Loyalists and Anti-Americanism
To a large degree, English-speaking Canada began with the arrival of the Loyalists in the late 1700s. The Loyalists were the colonials who rejected the newly independent United States of America. They were so opposed to the creation of the new country that they came to Britain’s northern colonies to remain under British rule. In today’s terminology, the Loyalists were “anti-American.”
This anti-Americanism was soon reinforced by the War of 1812. The Loyalists and their descendants literally had to fight off American invaders. As a result, they developed what would later be called a “garrison mentality,” whereby they saw themselves as living within the defensive perimeter of Upper Canada (now known as Ontario).
These Loyalists were largely Protestant and frequently anti-Catholic. They were at the core of one of the two “founding peoples” of Canada, the other being the French Catholics of Lower Canada (now known as Quebec). Of course, the English Protestant versus French Catholic conflict has been a central theme of Canadian history.
Anyway, a powerful Protestant fraternal organization called the Orange Order gathered a large membership in Upper Canada (i.e., Ontario), including several top political leaders. With this in mind, Avramenko says that Ontario developed what he calls the “Orangemen Consciousness.” As the new Dominion of Canada expanded and acquired what is now western Canada, this Orangeman Consciousness would essentially evolve into a concept of national identity.

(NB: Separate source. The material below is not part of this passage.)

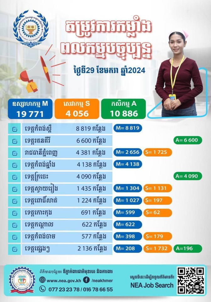 🔔សម្រាប់បងប្អូនប្រជាពលរដ្ឋដែលចង់ស្វែងរកការងារ សូមទាក់ទងមកទីភ្នាក់ងារជាតិមុខរបរ និងការងារ (NEA) នៃក្រសួងការងារ និងបណ្តុះបណ្តាលវិជ្ជាជីវៈ តាមលេខទូរស័ព្ទ 077 23 23 78 ឬ 016 78 66 55 (Telegram)។

However, the Orangeman Consciousness never really took hold in the West. First of all, the Métis under Louis Riel rebelled against the Canadian authorities. More importantly, however, a vast wave of new settlers from Eastern Europe was brought in to settle the prairies. As Avramenko writes, “These were peasants deliberately recruited from Eastern Europe under the immigration policies of the then Minister of Interior, Clifford Sifton. It was Sifton who saw the great economic potential of a developed agricultural base in the West and therefore opened immigration offices in Eastern Europe with the express intention of finding peoples both hardy and desperate enough to resettle on the harsh prairie” (p. 59).
The Origin of Anti-Western Sentiment
These “peasants” had no connection to the Orangeman Consciousness whatsoever. Furthermore, some people in Ontario considered the immigrants arriving in the West to be lesser beings. Avramenko writes, “The view of the Orangeman towards the immigrants settling the West is summarized by the words of the Right Honorable Sir McKenzie Bowell, ‘The Galicians, they of the sheepskin coats, the filth and the vermin, do not make splendid material for the building of a great nation. One look at the disgusting creatures after they pass through over the CPR on their way West has caused many to marvel that beings bearing the human form could have sunk to such a bestial level’” (p. 49).
Interestingly, Avramenko sees this attitude towards the Eastern Europeans settling the prairies as the origin of anti-Western sentiment in Ontario. As he puts it, “This prejudice continues to this day in anti-Alberta rhetoric” (p. 60).
Because the new settlers came directly to the West, bypassing any immersion into the Orangeman Consciousness, Westerners developed their own way of thinking, distinct from the inhabitants of Ontario and eastern Canada. Avramenko calls this the “Homestead Consciousness.” As he puts it, “In the West one finds what may provisionally be called the Homestead Consciousness. This consciousness, it must be recognized, is not merely a nuanced variation of the Orangeman consciousness. It is an altogether different way of thinking; consequently, it leads us to recognize a distinct society” (p. 59).
He describes it this way: “The Homestead Consciousness is a way of thinking that accords with the landscape—with horizons of legitimacy and political authority based on the freedom, the self-reliance, and the rugged individualism both born of and necessary for the survival of a homesteader on the vast and unrelenting prairie” (p. 59). In short, Westerners have developed a different sense of identity than Easterners.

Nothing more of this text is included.